I either have to remove the include to gtkmm.h, or in main declare foo with “class pipe foo.”

I was not expecting that GTKMM adds anything to the global namespace, and that everything is declared in one of the GTKMM specific namespaces. Here are my questions:

Is this expected, or does this seem to be a mistake, something that slipped through but which ought to be found under Gtk::pipe, for example? Please note that I am using GTKMM 3.24.7.

If this is expected or not intended to be fixed, is there a way that I can encapsulate this and any other leaked names back into Gtk or some other namespace?

Thanks for your time.

I guess <gtkmm.h> brings in <unistd.h> which defines pipe.

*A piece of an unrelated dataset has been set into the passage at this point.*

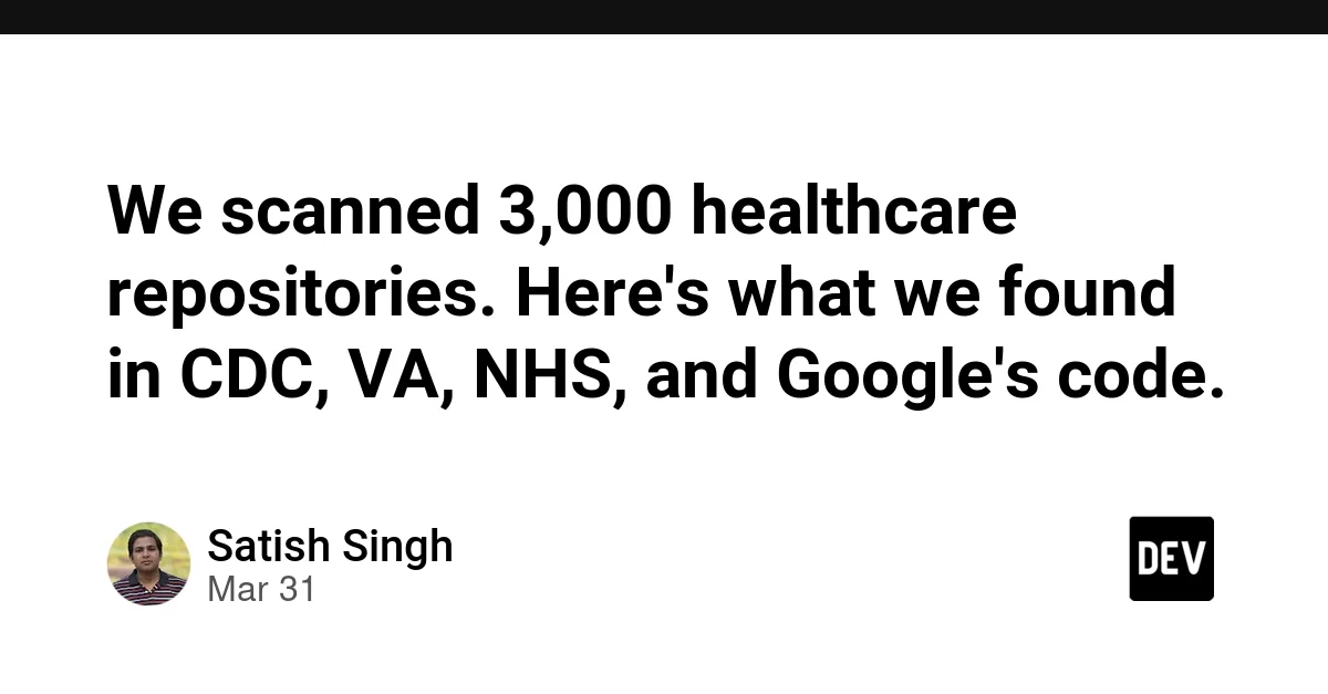 We scanned 3,000 healthcare repositories. Here's what we found in CDC, VA, NHS, and Google's code.

gtkmm.h includes a lot of stuff, for instance (indirectly) GLib’s header files. One of those files is gio/gcredentials.h, which includes unistd.h.

Thanks for the info. I’ve wrapped my code in a namespace.

I was thinking that, ideally, making use of a library should never pollute the global namespace. But now I’m not sure that is even possible. For example, let’s say that the stuff that GTKMM needs to include which isn’t part of the direct API were all put into a separate namespace, maybe __GTKMM__. Then, I think due to #include guards, if some user of this library were to need to use another library already included in GTKMM, their could would silently not include it, but also it would not be available in the global namespace, or whatever namespace it normally is in because GTKMM put it under its own namespace.

Long story short, I guess there’s no elegant solution here.